Laurén Kaczmarczyk steht im Halbfinale von Miss Germany. Der Wettbewerb hält ihrer Meinung nach, was er verspricht: Es geht nicht mehr ums Äußere.

Will Miss Germany sein: Laurén Kaczmarczyk Foto: Ariel Oscar Greith

Bremen taz | Die Entscheidung, sich beim Wettbewerb Miss Germany zu bewerben, hat Laurén Kaczmarczyk spontan, aber bedacht gefällt. „Ich wusste, wenn ich mich der Öffentlichkeit so aussetze, wird mein trans* Sein in den Vordergrund rücken.“ Doch letztlich hat der Wunsch überwogen, ihre Stimme für die Trans*-Community zu erheben. Inzwischen steht sie im Halbfinale.

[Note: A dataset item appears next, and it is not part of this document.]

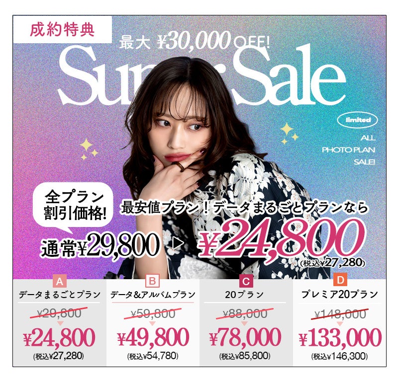 全てのプランが割引に!最安値プランは¥24,800+税から。通常より最大¥15,000お得です。

Für Kaczmarczyk ist Miss Germany genau das, was es zu sein versucht, seit der Wettbewerb vor einigen Jahren umgekrempelt wurde und sich nun eine „Female Empowerment-Plattform für die Stimmen der Gegenwart“ nennt.

„Wir haben Gründerinnen“, erzählt sie, „Frauen, die Rassismus erlebt haben, die sich für Diversität einsetzen. Wir haben alle eine individuelle Mission und ein persönliches Leid erlebt, was uns dazu gebracht hat, teilzunehmen.“ Es gehe nicht mehr ums Äußere, nicht mal am Rande. „Ich hatte bislang keine Sekunde das Gefühl, ich würde bewertet werden.“

Durch ihre Kandidatur ist nicht nur die Presse auf sie aufmerksam geworden, auch bei Instagram „kommen viele sehr respektvolle Fragen und Kommentare, aber auch immer wieder Hass und Hetze“. Doch davon könne sie sich inzwischen recht gut distanzieren.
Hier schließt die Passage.